DATASET EXTRACT:

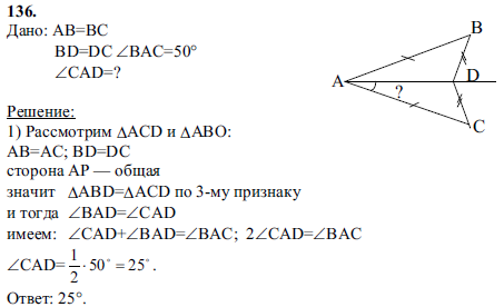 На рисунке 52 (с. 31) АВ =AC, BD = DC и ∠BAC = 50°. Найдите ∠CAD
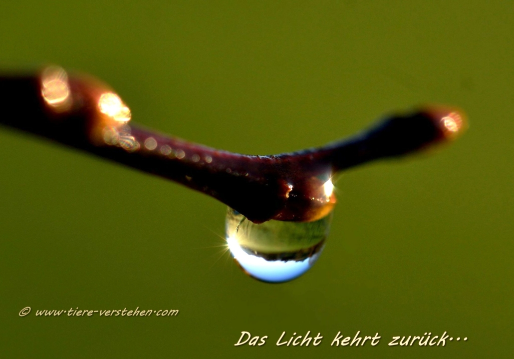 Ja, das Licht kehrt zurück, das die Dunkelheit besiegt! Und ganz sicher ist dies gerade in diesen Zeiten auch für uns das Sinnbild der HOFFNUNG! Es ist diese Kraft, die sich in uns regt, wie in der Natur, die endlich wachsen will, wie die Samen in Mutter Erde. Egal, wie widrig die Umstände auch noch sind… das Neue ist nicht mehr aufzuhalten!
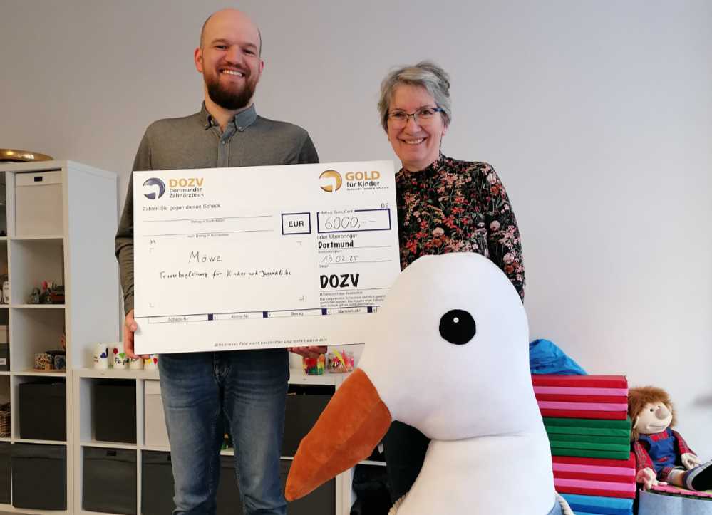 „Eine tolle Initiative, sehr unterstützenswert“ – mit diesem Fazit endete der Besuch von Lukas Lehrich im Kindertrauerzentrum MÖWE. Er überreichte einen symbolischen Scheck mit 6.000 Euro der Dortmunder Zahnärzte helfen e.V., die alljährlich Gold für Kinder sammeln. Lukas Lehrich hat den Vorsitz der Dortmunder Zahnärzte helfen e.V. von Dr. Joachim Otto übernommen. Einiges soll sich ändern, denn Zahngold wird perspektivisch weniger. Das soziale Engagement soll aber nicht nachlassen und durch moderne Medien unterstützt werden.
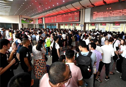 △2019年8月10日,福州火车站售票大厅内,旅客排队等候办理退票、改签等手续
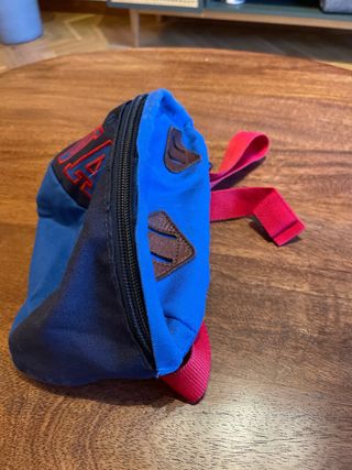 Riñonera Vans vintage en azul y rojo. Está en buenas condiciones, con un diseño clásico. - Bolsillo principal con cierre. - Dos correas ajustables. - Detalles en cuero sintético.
---
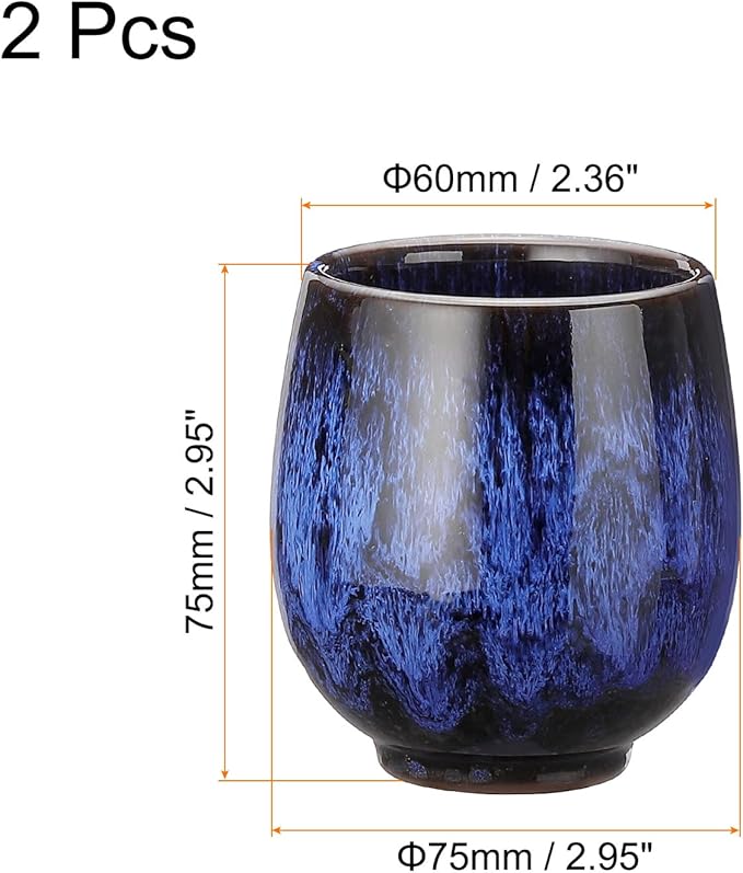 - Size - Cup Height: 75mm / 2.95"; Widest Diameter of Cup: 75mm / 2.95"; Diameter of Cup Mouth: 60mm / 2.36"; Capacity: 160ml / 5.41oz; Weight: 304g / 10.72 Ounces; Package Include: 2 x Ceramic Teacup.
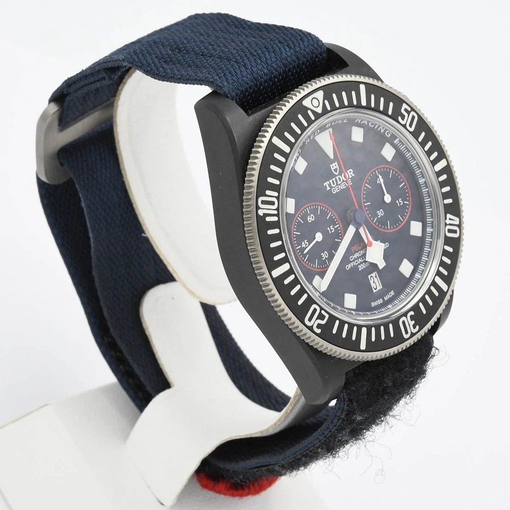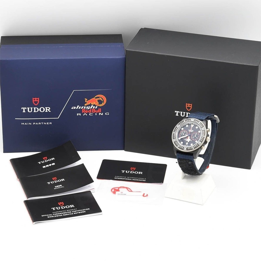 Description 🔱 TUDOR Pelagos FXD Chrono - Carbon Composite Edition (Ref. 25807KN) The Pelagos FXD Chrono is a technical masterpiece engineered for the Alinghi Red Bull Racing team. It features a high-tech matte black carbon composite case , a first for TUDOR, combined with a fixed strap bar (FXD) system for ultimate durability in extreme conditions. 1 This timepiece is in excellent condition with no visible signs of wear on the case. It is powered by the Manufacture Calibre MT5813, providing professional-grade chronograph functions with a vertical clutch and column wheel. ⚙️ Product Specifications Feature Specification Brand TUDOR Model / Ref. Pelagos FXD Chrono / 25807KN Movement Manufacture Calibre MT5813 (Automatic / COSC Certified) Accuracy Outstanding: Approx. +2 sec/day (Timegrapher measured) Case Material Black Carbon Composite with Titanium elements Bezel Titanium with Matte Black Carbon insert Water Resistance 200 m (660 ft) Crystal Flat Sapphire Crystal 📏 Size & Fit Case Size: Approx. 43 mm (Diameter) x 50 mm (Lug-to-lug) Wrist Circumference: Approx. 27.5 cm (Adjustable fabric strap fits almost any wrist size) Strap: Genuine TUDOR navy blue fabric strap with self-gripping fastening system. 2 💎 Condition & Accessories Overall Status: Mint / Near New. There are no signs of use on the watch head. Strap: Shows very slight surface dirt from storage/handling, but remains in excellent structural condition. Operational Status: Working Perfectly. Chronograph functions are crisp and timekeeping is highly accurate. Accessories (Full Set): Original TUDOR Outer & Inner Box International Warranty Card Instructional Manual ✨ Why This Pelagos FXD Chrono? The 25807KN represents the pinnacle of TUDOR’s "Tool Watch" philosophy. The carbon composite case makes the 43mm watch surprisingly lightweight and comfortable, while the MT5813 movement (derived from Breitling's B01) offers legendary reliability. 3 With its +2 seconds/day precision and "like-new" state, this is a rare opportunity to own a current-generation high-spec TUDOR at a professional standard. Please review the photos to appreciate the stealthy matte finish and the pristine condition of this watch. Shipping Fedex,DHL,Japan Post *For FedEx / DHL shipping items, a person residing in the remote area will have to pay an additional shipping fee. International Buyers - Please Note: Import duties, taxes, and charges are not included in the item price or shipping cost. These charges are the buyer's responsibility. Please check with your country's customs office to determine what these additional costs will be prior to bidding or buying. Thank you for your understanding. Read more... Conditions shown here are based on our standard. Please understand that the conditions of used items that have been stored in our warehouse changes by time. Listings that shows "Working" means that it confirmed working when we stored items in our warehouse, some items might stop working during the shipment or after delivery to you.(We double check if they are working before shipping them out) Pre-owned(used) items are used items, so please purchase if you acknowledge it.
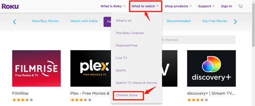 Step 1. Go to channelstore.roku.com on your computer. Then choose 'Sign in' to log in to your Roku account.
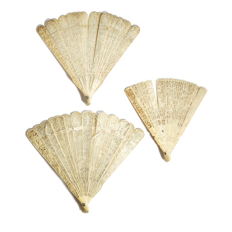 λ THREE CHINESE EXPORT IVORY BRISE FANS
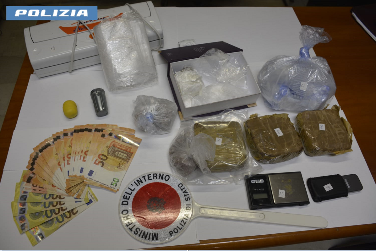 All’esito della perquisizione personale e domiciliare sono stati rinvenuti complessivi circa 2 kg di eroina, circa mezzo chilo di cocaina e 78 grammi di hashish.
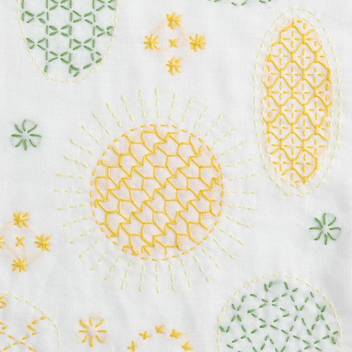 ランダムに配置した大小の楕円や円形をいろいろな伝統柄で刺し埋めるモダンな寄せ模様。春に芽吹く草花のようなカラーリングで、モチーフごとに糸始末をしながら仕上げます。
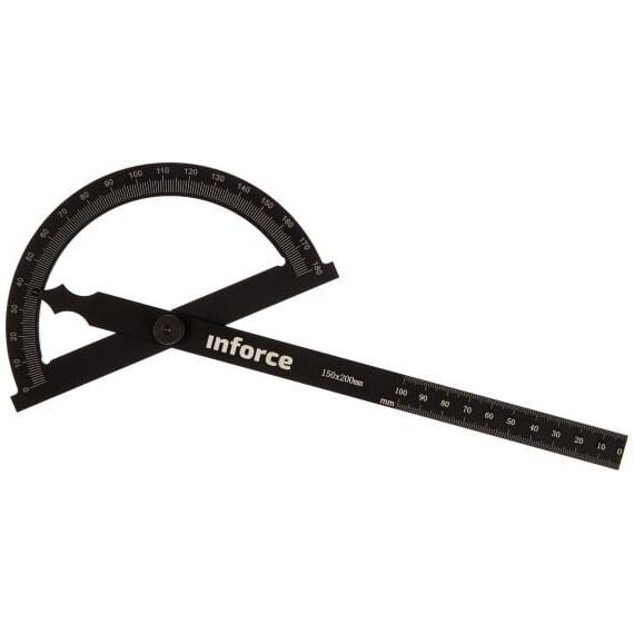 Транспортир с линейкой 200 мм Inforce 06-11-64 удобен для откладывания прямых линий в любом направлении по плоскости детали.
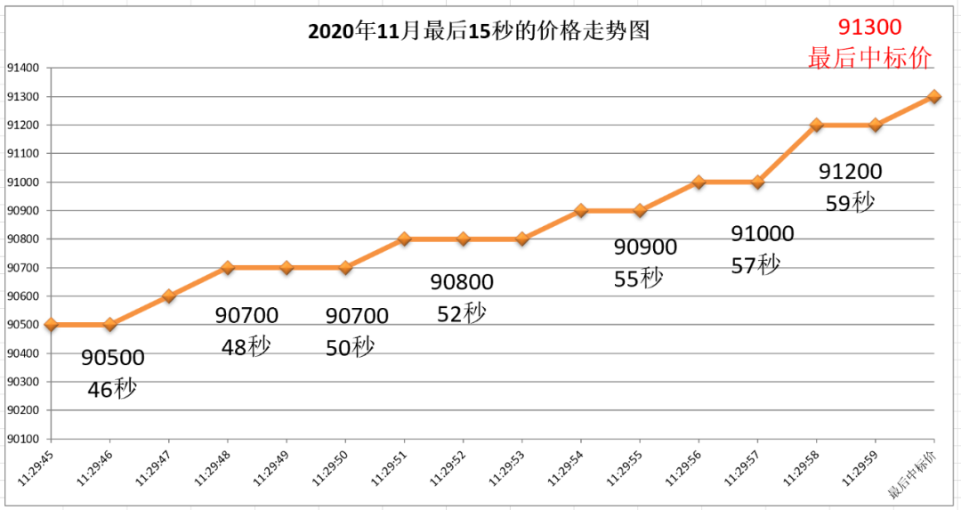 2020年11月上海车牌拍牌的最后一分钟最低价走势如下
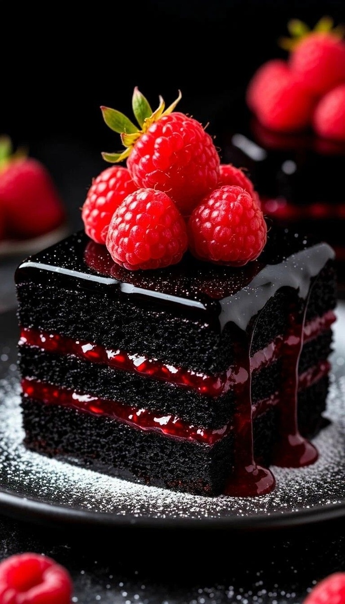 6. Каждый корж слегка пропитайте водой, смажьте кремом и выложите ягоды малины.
...
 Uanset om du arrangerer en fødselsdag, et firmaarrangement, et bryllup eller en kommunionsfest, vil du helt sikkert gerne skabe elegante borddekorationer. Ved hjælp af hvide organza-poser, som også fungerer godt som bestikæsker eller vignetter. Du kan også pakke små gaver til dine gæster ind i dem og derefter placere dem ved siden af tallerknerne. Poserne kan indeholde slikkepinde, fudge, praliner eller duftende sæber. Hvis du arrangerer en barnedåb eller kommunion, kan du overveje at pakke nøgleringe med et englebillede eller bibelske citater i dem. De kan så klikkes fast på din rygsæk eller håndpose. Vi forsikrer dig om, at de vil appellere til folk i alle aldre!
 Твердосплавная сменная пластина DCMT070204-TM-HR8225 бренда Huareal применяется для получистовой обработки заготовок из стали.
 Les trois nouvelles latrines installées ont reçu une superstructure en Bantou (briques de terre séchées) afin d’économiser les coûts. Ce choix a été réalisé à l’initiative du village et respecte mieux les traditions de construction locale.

PROBLEM DETAILS:
Start with the line above containing "На рисунке 52" and end with the line containing "Riñonera Vans vintage". Set down that stretch exactly, without any pictures.

SOLUTION TO THE PROBLEM:
 На рисунке 52 (с. 31) АВ =AC, BD = DC и ∠BAC = 50°. Найдите ∠CAD
 Ja, das Licht kehrt zurück, das die Dunkelheit besiegt! Und ganz sicher ist dies gerade in diesen Zeiten auch für uns das Sinnbild der HOFFNUNG! Es ist diese Kraft, die sich in uns regt, wie in der Natur, die endlich wachsen will, wie die Samen in Mutter Erde. Egal, wie widrig die Umstände auch noch sind… das Neue ist nicht mehr aufzuhalten!
 „Eine tolle Initiative, sehr unterstützenswert“ – mit diesem Fazit endete der Besuch von Lukas Lehrich im Kindertrauerzentrum MÖWE. Er überreichte einen symbolischen Scheck mit 6.000 Euro der Dortmunder Zahnärzte helfen e.V., die alljährlich Gold für Kinder sammeln. Lukas Lehrich hat den Vorsitz der Dortmunder Zahnärzte helfen e.V. von Dr. Joachim Otto übernommen. Einiges soll sich ändern, denn Zahngold wird perspektivisch weniger. Das soziale Engagement soll aber nicht nachlassen und durch moderne Medien unterstützt werden.
 △2019年8月10日,福州火车站售票大厅内,旅客排队等候办理退票、改签等手续
 Riñonera Vans vintage en azul y rojo. Está en buenas condiciones, con un diseño clásico. - Bolsillo principal con cierre. - Dos correas ajustables. - Detalles en cuero sintético.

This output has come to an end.